Credit: NPG

The nuclear effects of DNA damage have been well characterized and include cell cycle arrest, changes in transcription and the activation of DNA repair. Field and colleagues now increase our knowledge of the cytoplasmic effect of DNA damage, revealing that it signals directly to the Golgi to cause its dispersal, which enhances cell survival.

The authors observed that treatment of human and mouse cells with agents that induce DNA damage rapidly changed Golgi morphology from the usual perinuclear ribbon to punctate fragments found throughout the cytoplasm.

DNA-PK phosphorylates GOLPH3 to promote its binding to MYO18A

Previous studies had shown that the Golgi protein GOLPH3 links Golgi membranes to the unconventional myosin MYO18A and to F-actin, which applies tensile force to the Golgi, stretching the Golgi ribbon around the nucleus, and promoting vehicle budding from it. In this study, siRNA-mediated depletion of GOLPH3 or MYO18A, or F-actin depolymerization, prevented DNA damage-induced Golgi dispersal, indicating that these three factors are implicated in this DNA damage response.

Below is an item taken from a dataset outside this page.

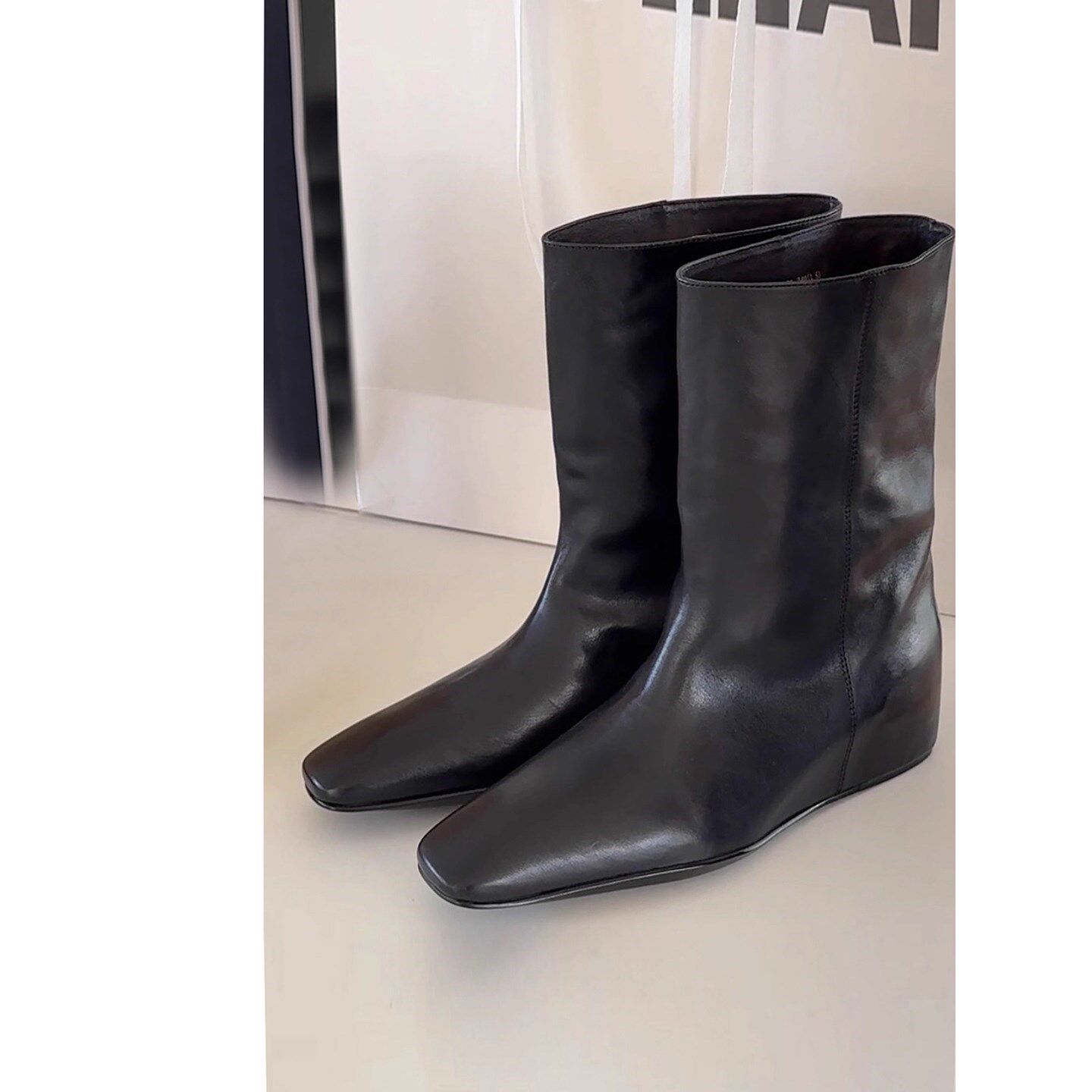 欧洲站方头短靴女2025秋季新款真皮百搭时装短筒靴内增高马丁靴子

To characterize the link between DNA damage and Golgi dispersal, the authors analysed the role of GOLPH3 phosphorylation at residues Thr143 and Thr148 in a 'TQ' motif, as TQ motifs are known to be substrates of the DNA damage-activated kinases ATM, ATR and DNA-PK. Mutations at Thr143 and Thr148 indicated that their phosphorylation is indeed essential for Golgi dispersal following DNA damage. Moreover, only DNA-PK directly phosphorylated GOLPH3 at Thr143 and Thr148 to mediate this DNA-damage response. Importantly, data suggested that DNA-PK phosphorylates GOLPH3 to promote its binding to MYO18A; this presumably applies a tensile force to the Golgi to promote dispersal.

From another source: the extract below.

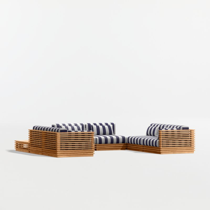 • View Batten Natural Teak 8-Piece U-Shaped Outdoor Sectional Sofa with Corner Coffee Tables & Navy and White Cabana Stripe Sunbrella ยฎ Cushions - image 13 of 13

But what are the functional consequences of Golgi dispersal? The authors found that it was associated with impaired trafficking from the Golgi to the plasma membrane. Moreover, the DNA-PK–GOLPH3–MYO18A pathway increased cell survival upon DNA damage. Thus, a decrease in Golgi–plasma membrane trafficking of specific cargoes may constitute a strategy to improve cell survival following genotoxic stress.

In addition to uncovering a new DNA damage response, these findings may have clinical implications: GOLPH3 is often overexpressed in tumours with poor prognosis and is associated with enhanced cell survival following chemotherapy, making this pathway a potentially useful therapeutic target.